====== Data block

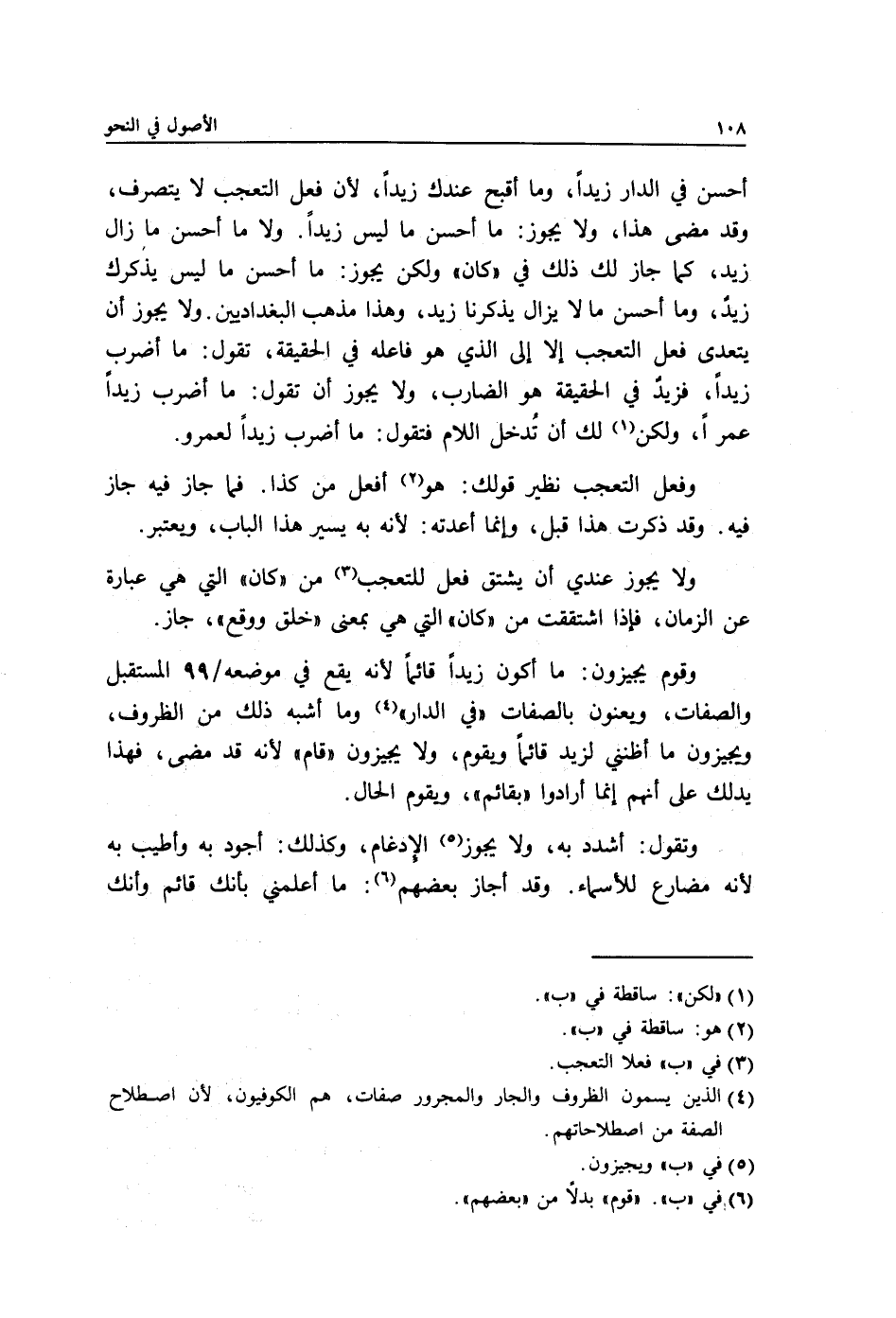 ولا يجوز عندي أن يشتق فعل للتعجب3 من "كان" التي هي عبارة عن الزمان, فإذا اشتققت من "كان" التي هي بمعنى "خلق ووقع", جاز.
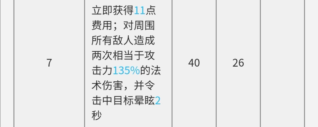 开场14【40-26】秒后德狗使用技能,得到11费,加上本身自动回复【14】,已经达到25费,此时可同时下推王和凛冬。目前存有费用0。
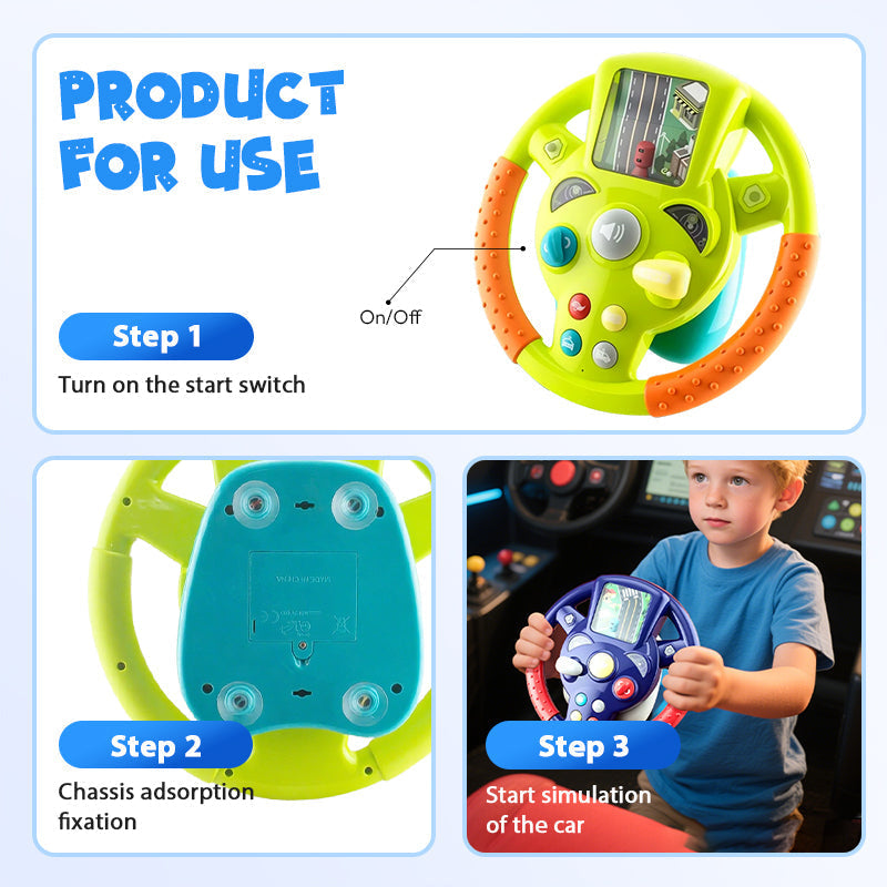 BÄRBAR OCH LÄTT ATT ANVÄNDA -Drivs av batterier och är lätt att transportera, Mini Steering Magic Wheel är lätt och redo för lek när som helst, var som helst. Oavsett om du är hemma eller på språng kan barnen njuta av sin egen körupplevelse, vilket gör det till den perfekta följeslagaren för resor eller fritid.
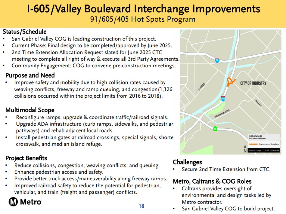 This month there was a bit of news on the ~$50 million Metro/Caltrans 605 Hot Spot project at Valley Boulevard: construction will be managed by the SGVCOG. The arrangement is similar to the 57/60 project above.

============

__What you need to do__: With pictures omitted, reproduce exactly the lines from the line containing "开场14【40-26】秒后德" through the end of the data above.

__Result for this exercise__:
 开场14【40-26】秒后德狗使用技能,得到11费,加上本身自动回复【14】,已经达到25费,此时可同时下推王和凛冬。目前存有费用0。
 BÄRBAR OCH LÄTT ATT ANVÄNDA -Drivs av batterier och är lätt att transportera, Mini Steering Magic Wheel är lätt och redo för lek när som helst, var som helst. Oavsett om du är hemma eller på språng kan barnen njuta av sin egen körupplevelse, vilket gör det till den perfekta följeslagaren för resor eller fritid.
 This month there was a bit of news on the ~$50 million Metro/Caltrans 605 Hot Spot project at Valley Boulevard: construction will be managed by the SGVCOG. The arrangement is similar to the 57/60 project above.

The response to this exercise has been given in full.